The records =>
* * * * * * *
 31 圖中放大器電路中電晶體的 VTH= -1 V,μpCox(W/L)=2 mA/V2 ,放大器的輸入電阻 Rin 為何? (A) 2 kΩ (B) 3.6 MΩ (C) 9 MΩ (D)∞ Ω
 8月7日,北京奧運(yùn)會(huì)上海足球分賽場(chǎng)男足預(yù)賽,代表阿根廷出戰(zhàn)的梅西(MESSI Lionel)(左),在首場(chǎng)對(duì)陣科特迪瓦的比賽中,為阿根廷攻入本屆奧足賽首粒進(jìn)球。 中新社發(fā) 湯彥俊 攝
* * * * * * *
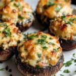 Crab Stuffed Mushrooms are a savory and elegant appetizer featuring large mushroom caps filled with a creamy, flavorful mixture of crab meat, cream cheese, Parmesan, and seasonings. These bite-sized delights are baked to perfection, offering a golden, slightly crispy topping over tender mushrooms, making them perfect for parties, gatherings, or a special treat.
* * * * * * *
Assignment =>
Look above for the line with "31 圖中放大器電路中電晶體的 VTH= -1" and the line with "中新社發(fā) 湯彥俊 攝"; transcribe both and all lines in between, exactly, and nothing else.

Solution =>
 31 圖中放大器電路中電晶體的 VTH= -1 V,μpCox(W/L)=2 mA/V2 ,放大器的輸入電阻 Rin 為何? (A) 2 kΩ (B) 3.6 MΩ (C) 9 MΩ (D)∞ Ω
 8月7日,北京奧運(yùn)會(huì)上海足球分賽場(chǎng)男足預(yù)賽,代表阿根廷出戰(zhàn)的梅西(MESSI Lionel)(左),在首場(chǎng)對(duì)陣科特迪瓦的比賽中,為阿根廷攻入本屆奧足賽首粒進(jìn)球。 中新社發(fā) 湯彥俊 攝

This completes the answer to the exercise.